> _Dataset extract_
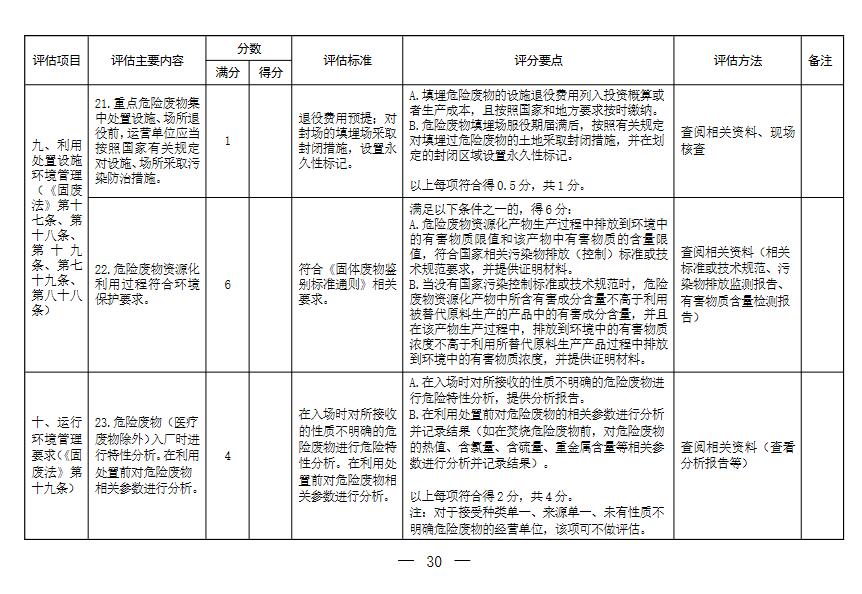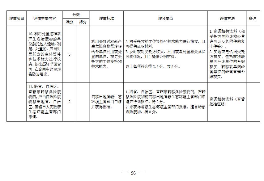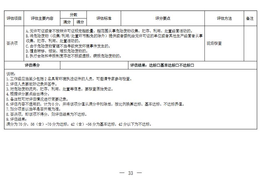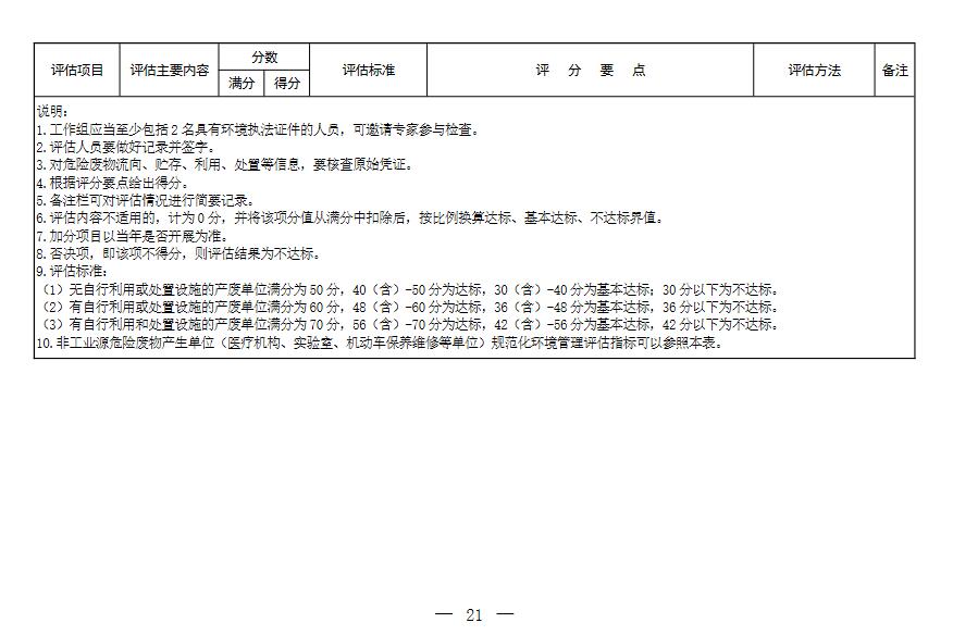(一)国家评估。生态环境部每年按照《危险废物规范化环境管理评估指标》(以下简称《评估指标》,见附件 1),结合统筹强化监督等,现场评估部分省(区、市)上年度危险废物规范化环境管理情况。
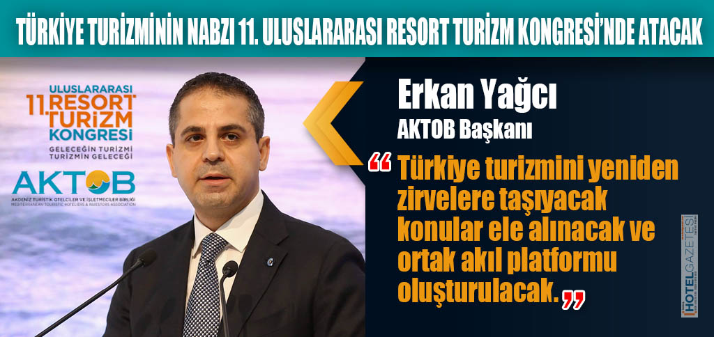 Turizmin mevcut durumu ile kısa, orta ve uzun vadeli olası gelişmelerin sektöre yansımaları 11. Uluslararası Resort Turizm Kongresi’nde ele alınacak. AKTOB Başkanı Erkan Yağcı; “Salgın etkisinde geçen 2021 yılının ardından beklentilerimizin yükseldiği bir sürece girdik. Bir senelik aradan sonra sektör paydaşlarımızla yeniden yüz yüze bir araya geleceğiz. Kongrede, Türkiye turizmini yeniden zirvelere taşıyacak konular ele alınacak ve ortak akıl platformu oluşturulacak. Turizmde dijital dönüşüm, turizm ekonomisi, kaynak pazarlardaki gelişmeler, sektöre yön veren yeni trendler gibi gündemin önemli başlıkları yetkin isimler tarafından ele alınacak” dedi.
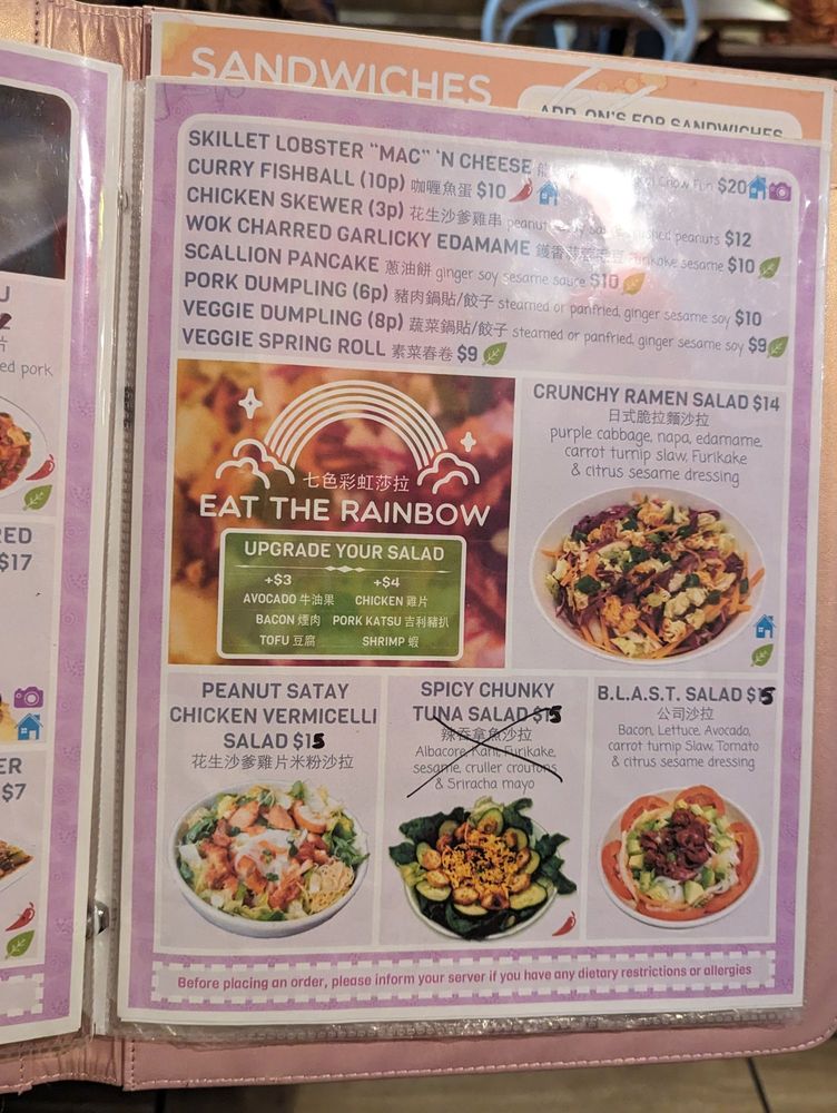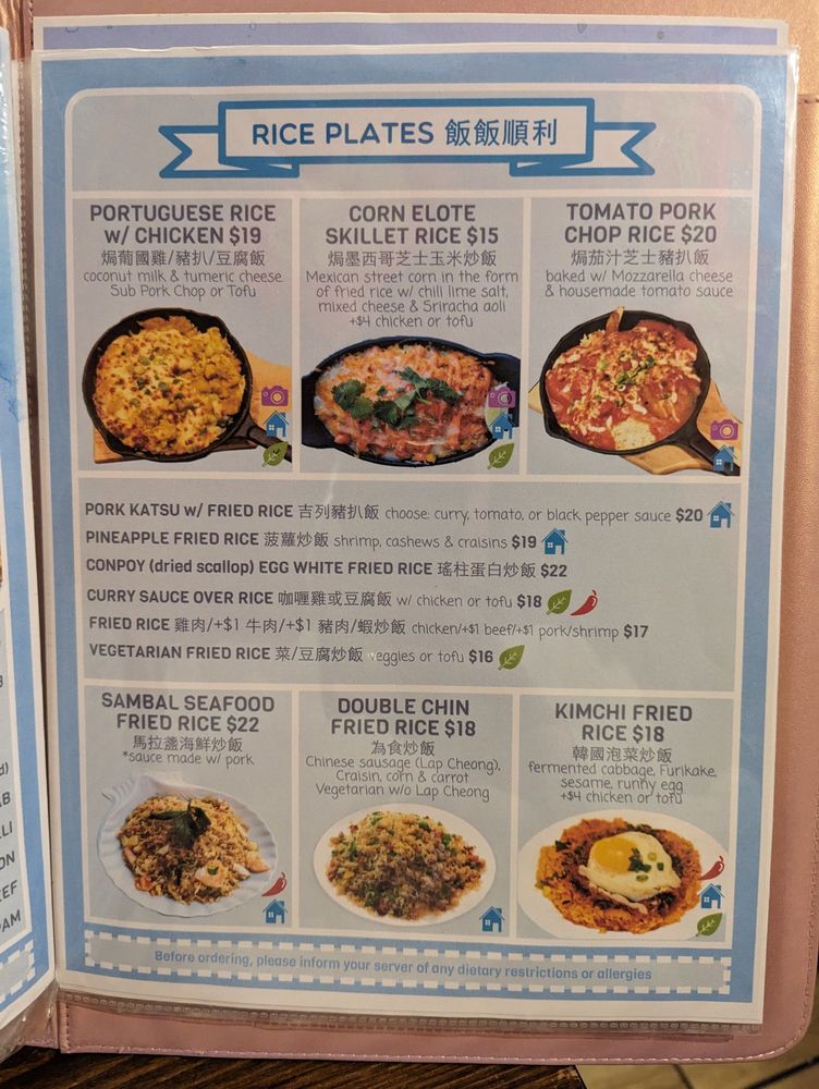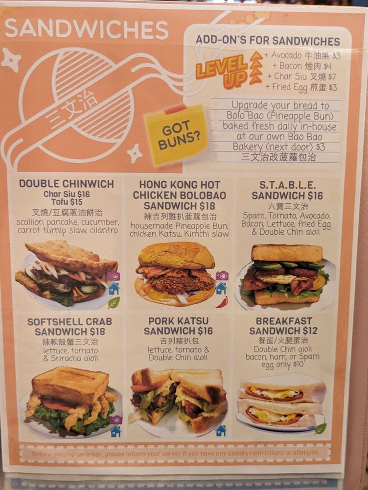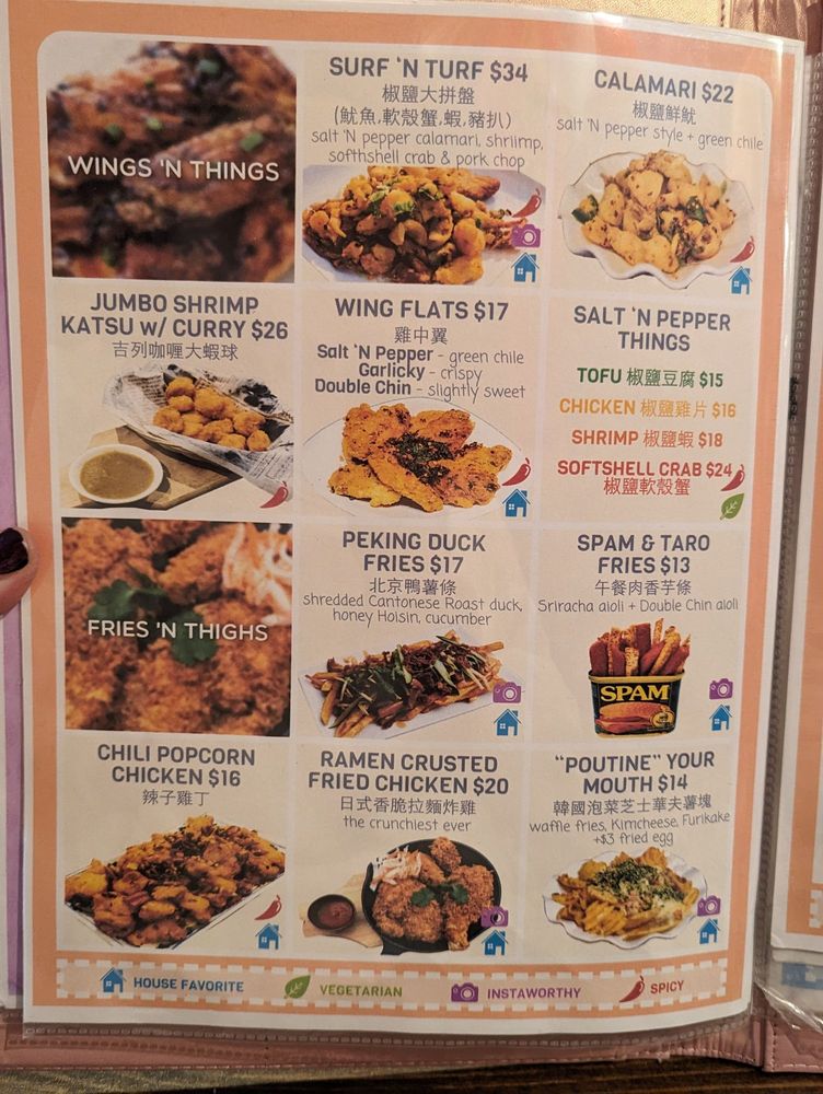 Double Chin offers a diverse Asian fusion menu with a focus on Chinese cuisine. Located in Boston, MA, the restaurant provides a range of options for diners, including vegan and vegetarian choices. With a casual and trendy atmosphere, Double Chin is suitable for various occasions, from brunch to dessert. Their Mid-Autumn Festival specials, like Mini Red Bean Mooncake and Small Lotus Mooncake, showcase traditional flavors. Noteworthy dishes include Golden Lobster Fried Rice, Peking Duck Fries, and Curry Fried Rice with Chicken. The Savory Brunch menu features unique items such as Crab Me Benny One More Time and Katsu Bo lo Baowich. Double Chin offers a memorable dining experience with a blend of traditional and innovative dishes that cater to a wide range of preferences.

--

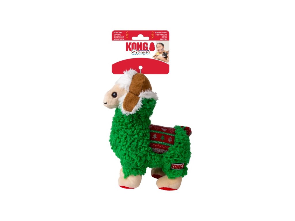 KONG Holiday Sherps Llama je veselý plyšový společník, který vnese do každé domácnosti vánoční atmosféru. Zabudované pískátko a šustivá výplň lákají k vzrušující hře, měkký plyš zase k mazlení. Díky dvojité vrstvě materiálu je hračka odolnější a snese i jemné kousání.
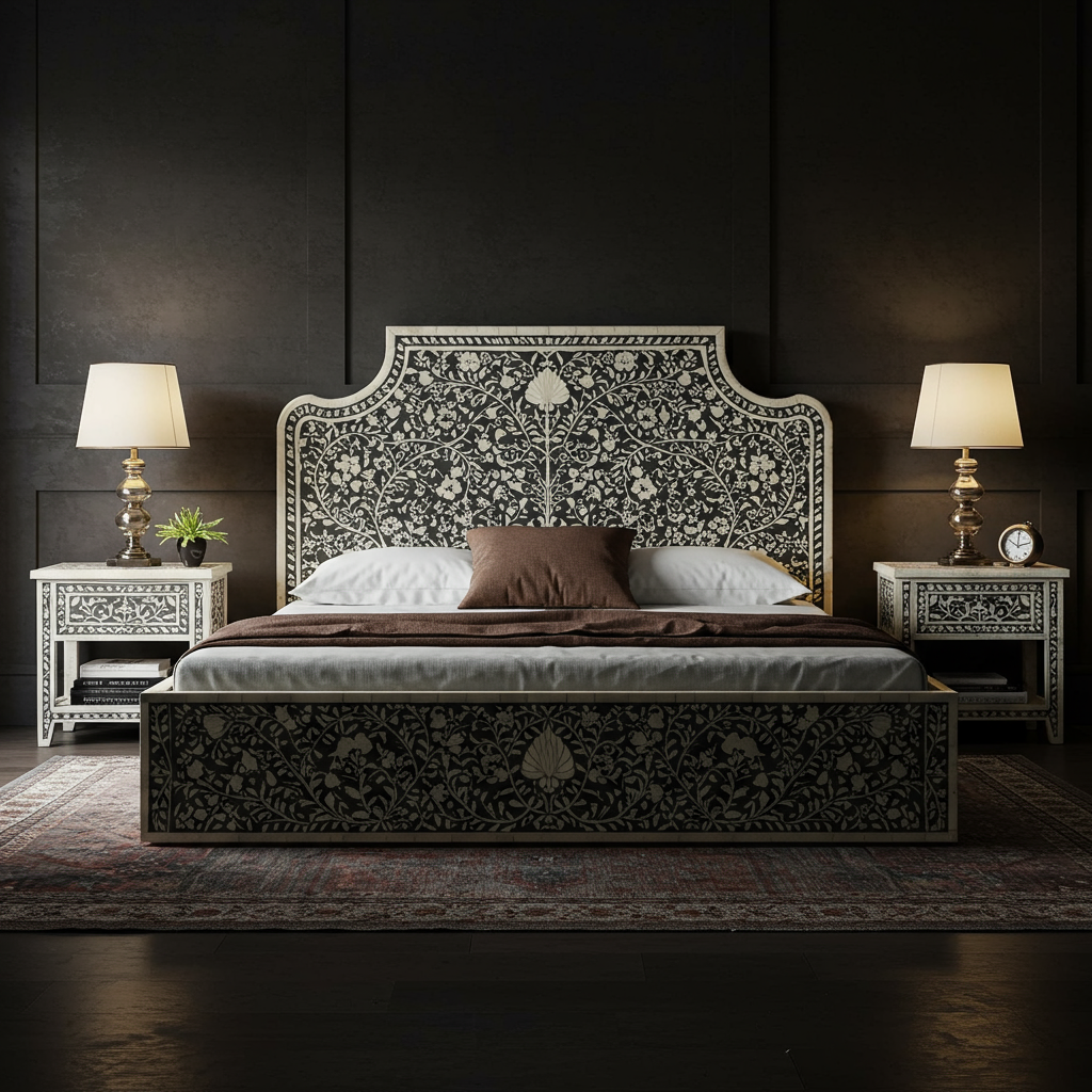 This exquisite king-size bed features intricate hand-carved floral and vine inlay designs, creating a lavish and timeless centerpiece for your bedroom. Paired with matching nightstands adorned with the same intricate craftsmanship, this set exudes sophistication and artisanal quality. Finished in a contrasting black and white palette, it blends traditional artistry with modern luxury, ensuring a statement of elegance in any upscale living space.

> _Assigned task_
Only one stretch of the data is wanted: write out exactly the lines from the one holding "Turizmin mevcut durumu" through the one holding "Double Chin offers a diverse", both included, without the pictures.

> _Result for this task_
 Turizmin mevcut durumu ile kısa, orta ve uzun vadeli olası gelişmelerin sektöre yansımaları 11. Uluslararası Resort Turizm Kongresi’nde ele alınacak. AKTOB Başkanı Erkan Yağcı; “Salgın etkisinde geçen 2021 yılının ardından beklentilerimizin yükseldiği bir sürece girdik. Bir senelik aradan sonra sektör paydaşlarımızla yeniden yüz yüze bir araya geleceğiz. Kongrede, Türkiye turizmini yeniden zirvelere taşıyacak konular ele alınacak ve ortak akıl platformu oluşturulacak. Turizmde dijital dönüşüm, turizm ekonomisi, kaynak pazarlardaki gelişmeler, sektöre yön veren yeni trendler gibi gündemin önemli başlıkları yetkin isimler tarafından ele alınacak” dedi.
 Double Chin offers a diverse Asian fusion menu with a focus on Chinese cuisine. Located in Boston, MA, the restaurant provides a range of options for diners, including vegan and vegetarian choices. With a casual and trendy atmosphere, Double Chin is suitable for various occasions, from brunch to dessert. Their Mid-Autumn Festival specials, like Mini Red Bean Mooncake and Small Lotus Mooncake, showcase traditional flavors. Noteworthy dishes include Golden Lobster Fried Rice, Peking Duck Fries, and Curry Fried Rice with Chicken. The Savory Brunch menu features unique items such as Crab Me Benny One More Time and Katsu Bo lo Baowich. Double Chin offers a memorable dining experience with a blend of traditional and innovative dishes that cater to a wide range of preferences.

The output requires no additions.